Sobre o álbum, elaborado durante a pandemia, ela conta que não queria fazer um disco triste, apesar das mortes pela Covid-19 e do descalabro do governo Bolsonaro.

“Eu me relaciono muito com o aqui e o agora”, diz. “Eu senti que estava deprimida. Havia um governo terrível, havia um luto imenso, havia as angústias pessoais de cada um no seu isolamento.”

Optou, então, por resgatar da obra de Vinicius algumas composições de referência afro nas quais o luto, a luta e as celebrações são realizados com danças. “O Vinicius era apaixonado pela capacidade que o samba tem de cantar suas dores, dançando e celebrando a vida”, afirma.

O álbum Vinicius de Mariana tem arranjos de João Donato e Guto Wirtti e participação de Chico Buarque, Mart’nália, Zé Manoel, Jussara Silveira, Carlinhos Sete Cordas, Robertinho Silva, Marcelo Jeneci, entre outros.

A cantora exalta o fato de ter conseguido que João Donato, que faleceria em julho deste ano, fizesse alguns arranjos para o disco. “Ele topou o projeto porque amava o Vinicius”, conta.

O repertório do disco é marcado por afro-sambas. Canto de Pedra Preta (Baden Powell, Vinicius de Moraes) e Canto de Xangô (Baden Powell, Vinicius de Moraes) abrem o trabalho.

A terceira, Maria Moita (Carlos Lyra, Vinicius de Moraes), Mariana considera quase um afro-samba.

Tristeza e Solidão (Baden Powell, Vinicius de Moraes) é, na avaliação da cantora, a mais bonita da dupla e a menos conhecida dos históricos afro-sambas compostos pelos dois.

Na sequência do álbum, Arrastão (Edu Lobo, Vinicius de Moraes). “Coloquei esta porque fala de orixás, da prosperidade, da alegria”, conta.

Quando a Noite me Entende (Antônio Maria, Vinicius de Moraes) é uma canção pouco conhecida de Vinicius, e a cantora afirma tê-la incluído no disco porque Zé Celso (Mariana foi atriz do Teatro Oficina) e Miúcha sempre a alertavam de que quando fosse gravar o avô, não esquecesse de inserir essa composição.

O disco segue com Só me Fez Bem (Edu Lobo, Vinicius de Moraes) e Desalento (Chico Buarque, Vinicius de Moraes), uma escolha do próprio Chico.
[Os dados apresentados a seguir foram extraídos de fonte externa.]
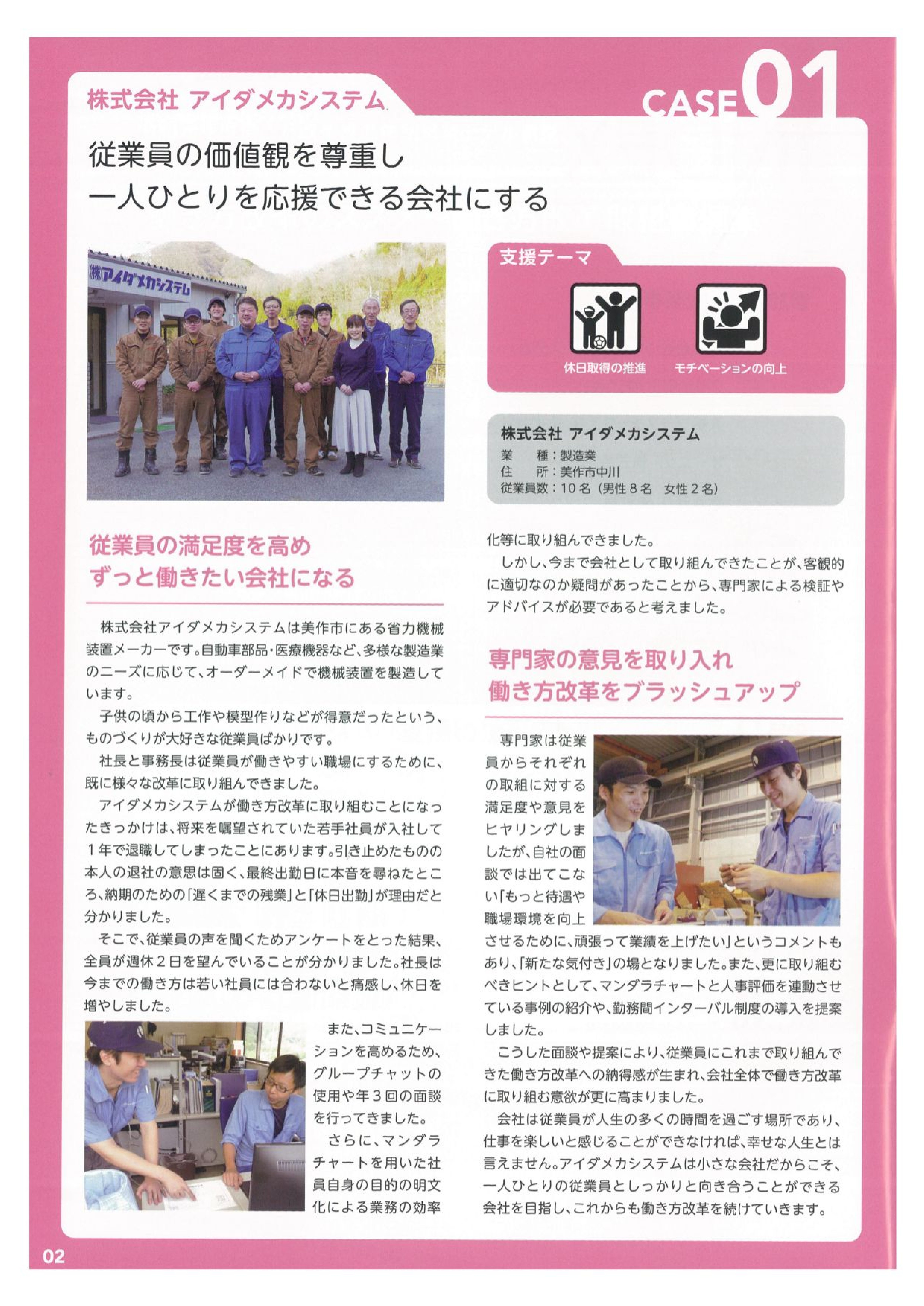 2020年5月22日 ブログ 働き方改革のススメ 昨年度、岡山県の「働き方改革推進事業」に取り組みました! 弊社では従来から「働きやすい環境づくり」について いろいろな取り組みをしていましたが、 更に良くしていくべく、専門家の方にいろいろと アドバイスいただきまして、さまざまな改善を令和元年度に行いました。 その事業紹介についてのパンフレットが 出来上がり、弊社も概要を掲載していただきました✨ これからも働きやすい職場づくりを目指して 制度や職場環境の改善に取り組んで いきたいと思います😊 ↓↓↓ パンフレット(PDF) ↓↓↓ 令和元年度 働き方改革のススメ パンフレット 0

A política Marcha da Quarta-Feira de Cinzas (Carlos Lyra, Vinicius de Moraes) é uma referência ao momento sombrio vivido no período do antigo governo.

Onde Anda Você (Hermano Silva, Vinicius de Moraes) e Eu Não Existo Sem Você (Tom Jobim, Vinicius de Moraes), uma homenagem à filha, são a antepenúltima e a penúltima faixas.

O álbum encerra com Mundo Melhor, composição de Pixinguinha e Vinicius de Moraes, pilares da música brasileira, assim como Tom Jobim.